Час тишины - [51]

Шрифт
Интервал

— Здесь хоть какая-то цель! — сказал Гурчик.

Несколько дней назад он был в горах, у лесного озера над сожженной деревней; не думал никого там встретить, но у берега оказался какой-то человек с собакой, очень хорошо одетый молодой человек, сперва он снял один ботинок и бросил его в озеро, а потом второй, после этого он крикнул «апорт!», но, прежде чем собака проплыла ледяное пространство, ботинки наполнились водой и затонули. Мужчина на берегу кричал и ругался, а когда собака вернулась, он нагнулся к ней и стал носками вытирать ей мокрую морду. В сожженную деревню он вернулся босой.

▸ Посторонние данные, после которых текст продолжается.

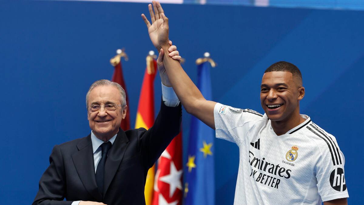 Además, el presidente del Real Madrid obsequió a Mbappé con una réplica del estadio Santiago Bernabéu, la que será su nueva casa desde esta temporada y donde se llevará, desde las 12:00 horas CEST (-2 GMT), según la hora prevista, el acto de presentación multitudinario de la estrella francesa.

— Все война, — заметил аптекарь. Безумие порождает безумие.

Это был обыкновенный разговор в трактире, много он наслушался подобных разговоров, много подобного повидал — только тогда он не был таким усталым и у него не было впереди столько свободного времени.

В полночь он вернулся в свой сырой номер; хотя он и пил весь день, но все же не был настолько пьян, чтобы не думать: ведь он тоже вел себя как безумный — от чего-то бежал, чему даже не знал имени, жил, как зверь, — какой во всем этом смысл?

Он лежал, не мог уснуть, перед ним мелькали минувшие дни, люди — мертвые и живые, — заминированные дороги, сгоревшие леса, холод, сырость, смрадные трактиры, множество людей и водки и пива, ссоры и медленно ползущая плотина, брошенная в долине лесопилка, и слепой на один глаз конь, спотыкающийся в снегу.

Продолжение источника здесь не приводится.